User research has also focused on evaluating privacy policies for regulatory compliance, particularly in response to the implementation of General Data Protection Regulation (GDPR) in Europe. The tool Claudette detects unfair clauses and evaluates privacy policy compliance with GDPR [47,48][34][35]. KnIGHT (“Know your rIGHTs”) utilizes semantic text matching to map policy sentences to GDPR paragraphs [49][36]. Cejas et al. [50][37] and Qamar et al. [51][38] leveraged NLP and supervised machine learning to identify GDPR-relevant information in policies and assess their compliance.

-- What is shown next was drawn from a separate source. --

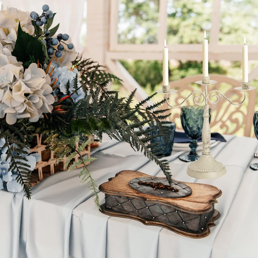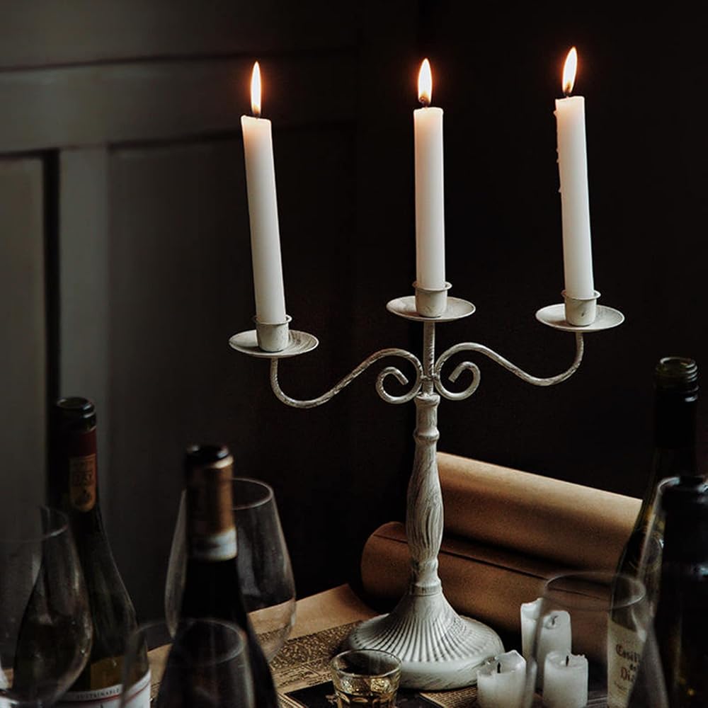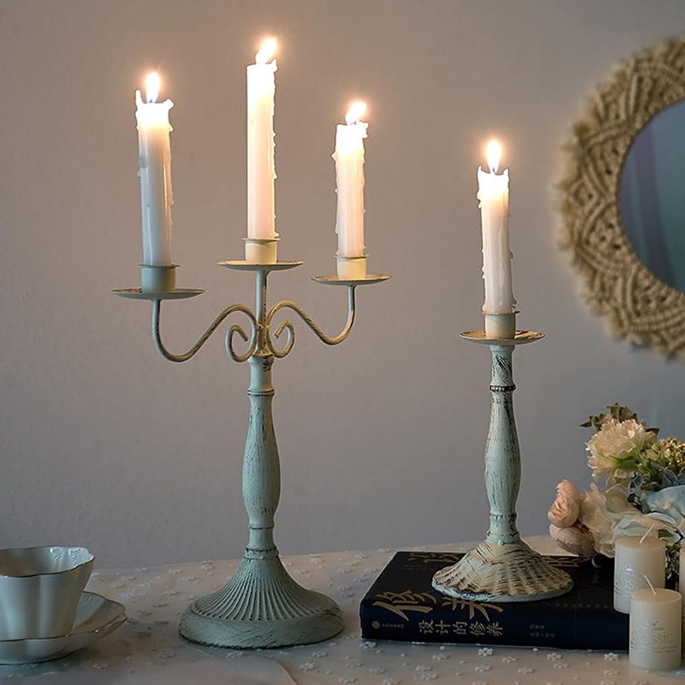 البناء الصلب: حوامل الشموع هذه مصنوعة من الحديد الزهر الثقيل الذي يوفر قوة ومتانة لا مثيل لها. لمسة نهائية مطلية ريفيًا تعطي إحساسًا عتيقًا. ببساطة امسحها بقطعة قماش جافة.

Similarly, Sánchez et al. [52][39] used manual annotations and machine learning to tag policies based on GDPR goals, offering both aggregated scores and fine-grained ratings for better understanding. Degeling et al. [53][40] and Linden et al. [54][41] examined the effects of GDPR on privacy policies through longitudinal analysis, observing updates and changes in policy length and disclosures. Zaeem and Barber [55][42] compared pre- and post-GDPR policies using PrivacyCheck, highlighting deficiencies in transparency and explicit data processing disclosures. Libert [56][43] developed an automated approach to audit third-party data sharing in privacy policies.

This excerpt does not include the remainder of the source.